TASK: An exact reproduction of the data below is expected, free of images.
....
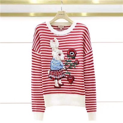 2022春新款专柜正品圆领兔子绣花气质针织衫
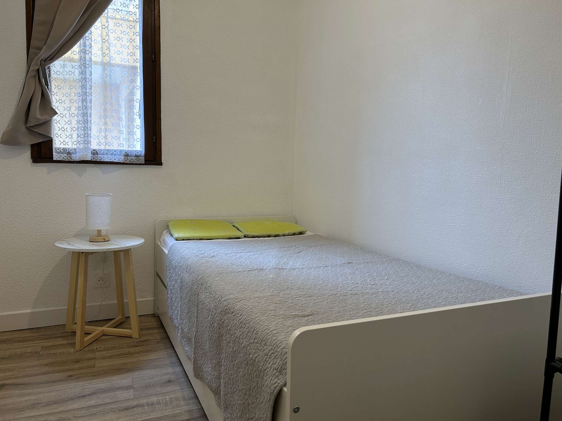 une cuisine séparée et équipée, une chambre avec un lit double (140), une 2e petite chambre avec 2 lits simples, une salle d'eau et des wc indépendants
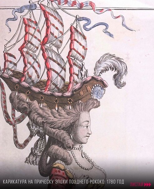 …Прическа в виде сражающихся солдат – дама желает показать, что преисполнена мужества. Прическа в виде мельницы и фермы с крошечными коровами, пастухами и пастушками — эта дама — мечтательница. Прическа в виде дуэли: два миниатюрных кавалера на голове дамы поражают друг друга шпагами — дама кокетливо выставляет напоказ свои успехи.
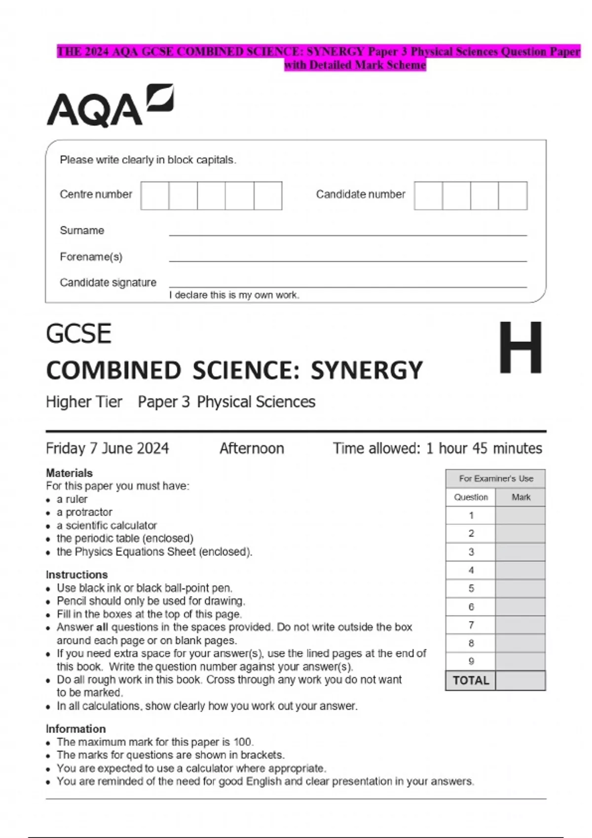 THE 2024 AQA GCSE COMBINED SCIENCE: SYNERGY Paper 3 Physical Sciences Question Paper with Detailed Mark Scheme
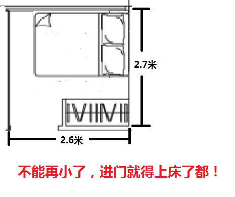 可以再小一点吗?那就床靠窗户吧,记住留个10公分的间隙给窗帘(汗)。2.6x2.7 = 7平米。要知道新加坡算面积要考虑墙的哈,如果你看到发展商告诉你一个房间的面积低于7平米,还可以放双人床,你一定要让他给你画出来,怎么放的床。就像小编这样,图糙理不糙。
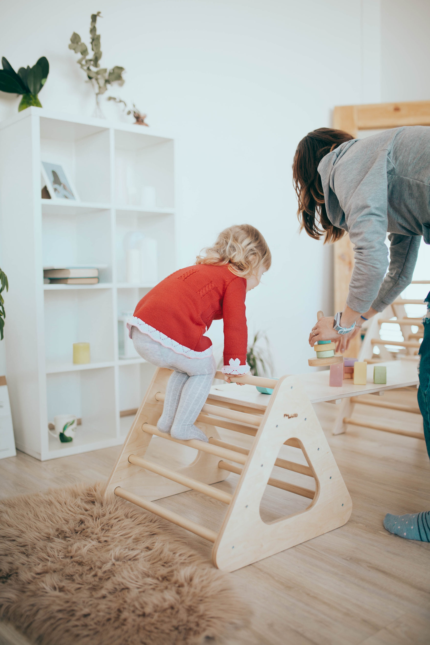 Горка для скалолазания самый любимый детьми предмет из всего развивающего комплекса. Угол наклона можно отрегулировать в зависимости от способностей и смелости ребенка, а также выбрать гладкую сторону или сторону с перекладинами.
....
TASK ANSWER:
 2022春新款专柜正品圆领兔子绣花气质针织衫
 une cuisine séparée et équipée, une chambre avec un lit double (140), une 2e petite chambre avec 2 lits simples, une salle d'eau et des wc indépendants
 …Прическа в виде сражающихся солдат – дама желает показать, что преисполнена мужества. Прическа в виде мельницы и фермы с крошечными коровами, пастухами и пастушками — эта дама — мечтательница. Прическа в виде дуэли: два миниатюрных кавалера на голове дамы поражают друг друга шпагами — дама кокетливо выставляет напоказ свои успехи.
 THE 2024 AQA GCSE COMBINED SCIENCE: SYNERGY Paper 3 Physical Sciences Question Paper with Detailed Mark Scheme
 可以再小一点吗?那就床靠窗户吧,记住留个10公分的间隙给窗帘(汗)。2.6x2.7 = 7平米。要知道新加坡算面积要考虑墙的哈,如果你看到发展商告诉你一个房间的面积低于7平米,还可以放双人床,你一定要让他给你画出来,怎么放的床。就像小编这样,图糙理不糙。
 Горка для скалолазания самый любимый детьми предмет из всего развивающего комплекса. Угол наклона можно отрегулировать в зависимости от способностей и смелости ребенка, а также выбрать гладкую сторону или сторону с перекладинами.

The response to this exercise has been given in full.